Il est également vrai que 2026 n’est pas la période de boom de la beauté qui était celle d’avant la pandémie, alors peut-être que les marques ne pouvaient pas se permettre de laisser passer une opportunité d’être vues par leurs superfans ? Au même moment que Sephoria, Glossier a annoncé qu'il fermait tous ses magasins de détail autonomes sauf trois et qu'il avait licencié près de la moitié de son bureau de New York, faisant de Sephora un élément encore plus essentiel de son plan de vente au détail en personne. Pat McGrath Labs, malgré la présence vedette de McGrath à la convention, a connu une année de montagnes russes, avec des rapports selon lesquels l'entreprise allait être mise aux enchères dans le cadre d'une vente par forclusion garantie par l'article 9 ou était recherchée pour vendre à des actionnaires majoritaires potentiels.

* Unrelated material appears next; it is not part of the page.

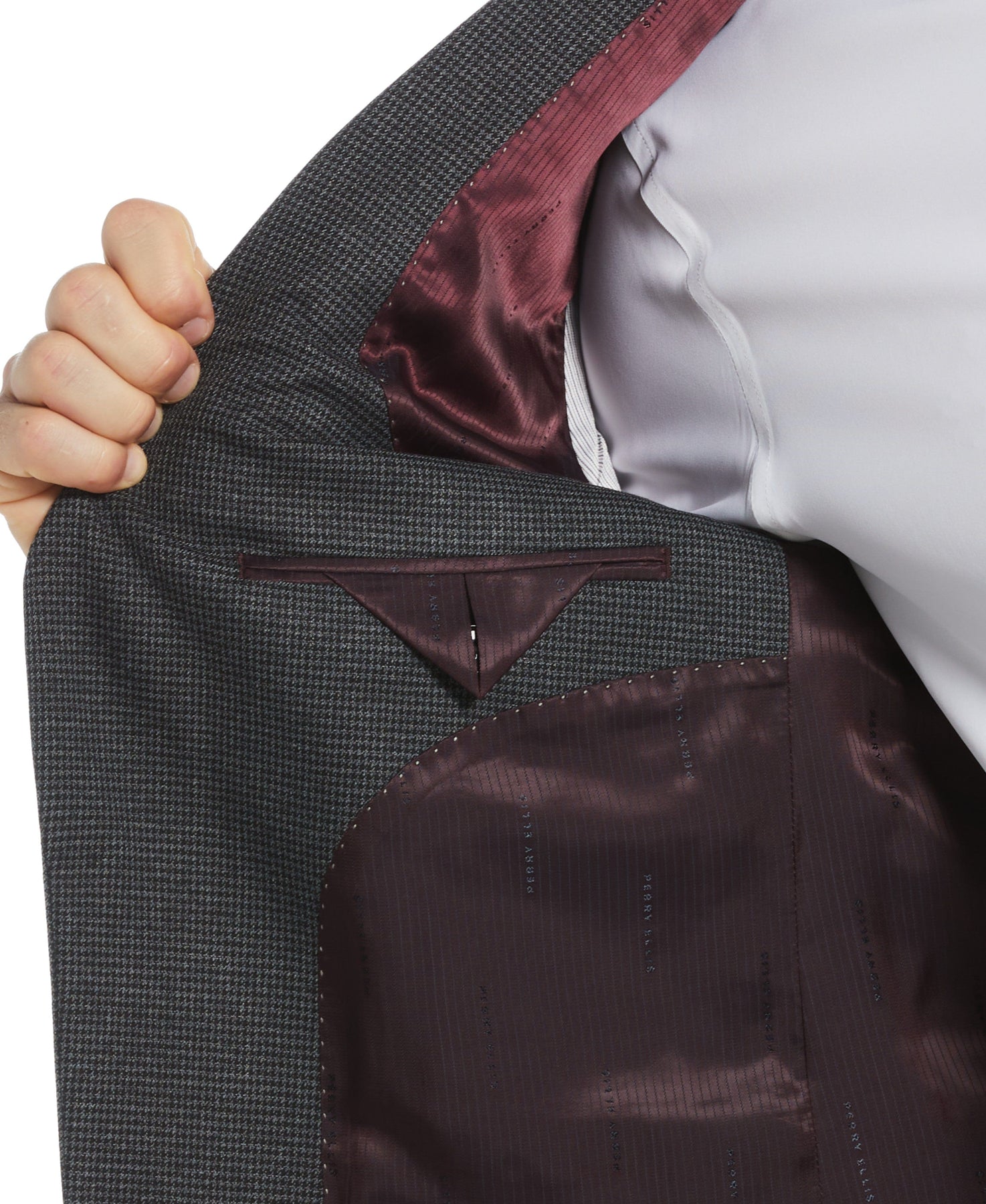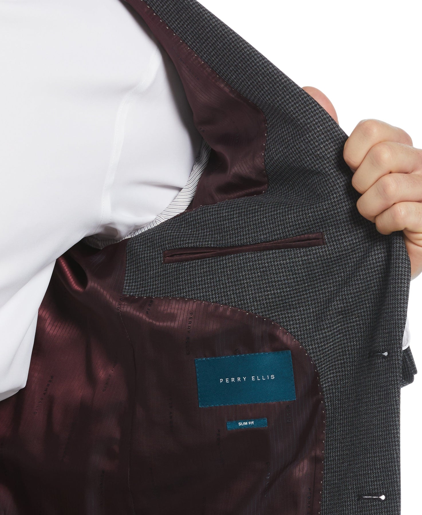 Step up your style with this Perry Ellis men's suit jacket, featuring a classic houndstooth print. The single-breasted, two-button sport coat is designed with a slim fit and crafted with stretch fabric for comfort. Look sharp at the office or out on the town in this sport jacket.

Alors que Sephoria se terminait, les participants ont été guidés dans des files d'attente pour collecter des sacs de cadeaux tout en jouant une chanson de Grimes pour la foule. Oui, encore plus de produits gratuits. « Salut, ma meilleure amie », m'a dit un employé qui a pris mon bracelet en échange d'un sac d'une valeur de 1 650 $. (Et pourtant, certains fans publieraient bientôt en ligne pour se moquer du fait qu'il y avait eu trop de petits échantillons et pas assez de produits en taille réelle.) Ramener deux sacs géants de butin Sephora à Manhattan était une bonne idée jusqu'à ce que j'enregistre ma valise à l'aéroport le lendemain matin. Le transport Sephora pesait à lui seul 35 livres. Pourtant, je voulais tout garder : l’huile capillaire infusée au miel de Gisou ! La crème hydratante raffermissante riche en lipides Instant Angel de Dieux ! Est-ce important si je ne portais jamais l’eau de parfum Honey Moon de Phlur ? Non, car même si je n'allais pas filmer mes unboxings, je pourrais me sentir influenceuse le temps d'une soirée. Sephoria m'avait transformé en monstre, ou peut-être juste en adolescent. Je ne voulais pas revenir à une vie normale.